It’s ten o’clock at night – dark, but neon lit and the streets are busy. People leaving the cinema, having a drink, hailing the bus: going about their business. My business is that I’m struggling to wheel through these streets a supermarket trolley. It’s laded down by a dead weight of grey, hard-edged, outdated technology, and its front right wheel has gone sufficiently askew to turn the simple process of steering into a veritable battle of wills. I’m winning it, just.

Through a seemingly endless carpark, down the pavement, round a corner and along the street, I’m getting some strange looks – “Who is this brazen idiot?” their eyes seem to say. Children are ushered out of my path with suspicion. Surely I don’t look like a real criminal? Not in these shoes.
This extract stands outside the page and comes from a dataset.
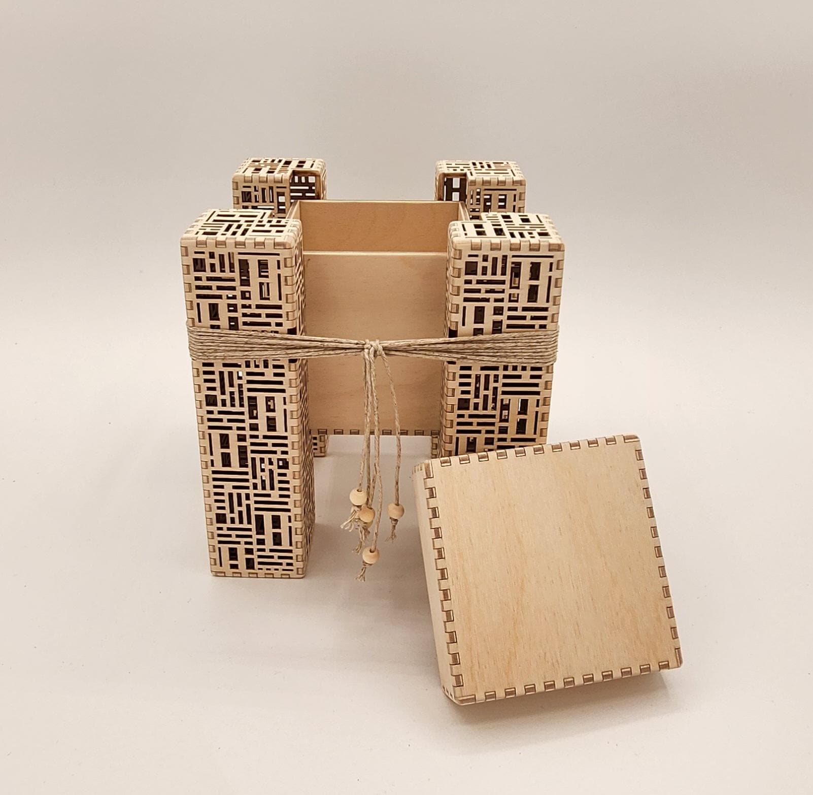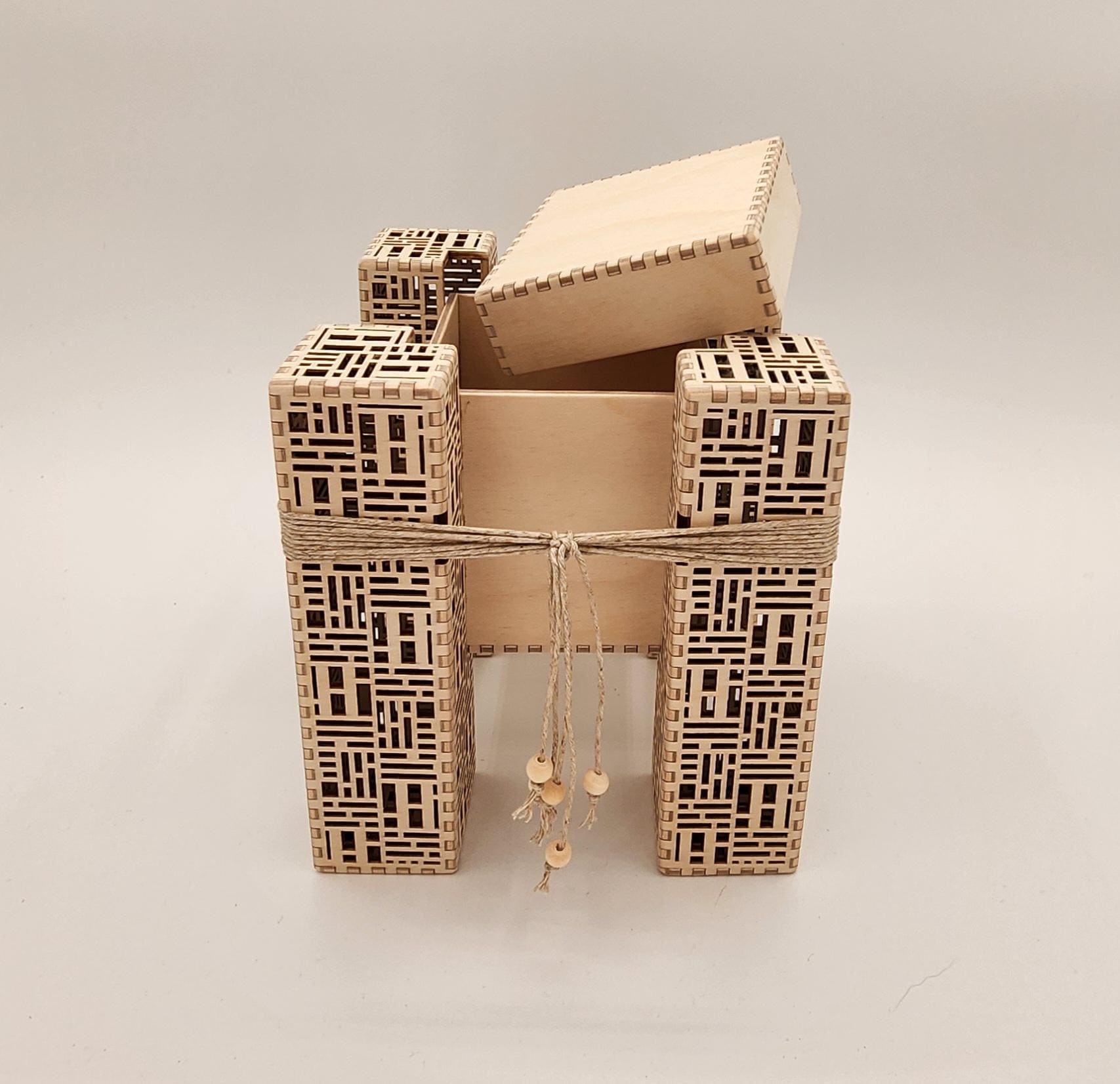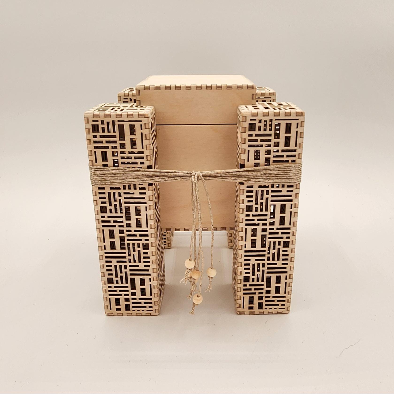 This small box would make a lovely and unusual gift. It's made of laser cut birch plywood with a hemp cord accent. Designed and carefully handmade by Melissa Metzler in our Mason County, WA studio.

And surely no actual criminal would be stupid enough to wheel their loot along the street in a supermarket trolley, in broad view of the whole world? But, then, perhaps it’s an ingenious double bluff. Perhaps I’ve outsmarted them all.

I hear a police siren in the distance behind me, approaching shrill and fast. A procession of thoughts rush through my head, as I rapidly run through a series of stories to justify my innocence. “No officer, I just purchased it. Yes officer, from a flat around the corner. I’m just taking it home now, officer. How much? £20, honestly.” Honestly. “I even asked permission to borrow the trolley.” I find myself defending myself to myself, and I’m not even being particularly persuasive.

The car whizzes past. Clearly they have a more important crime to attend, like real crime.

“Honestly.” It’s like “trust me” – when somebody resorts to using that word, you know they’re lying. But not this time. Honestly. And it is true: I didn’t steal the TV, or the trolley. The kind man who runs the corner shop let me borrow his only one – on the condition that I return it unharmed within half an hour. But it was me that pranged its wheel, crippling the steering of his only trolley. Perhaps that’s where the guilt came from. Sorry.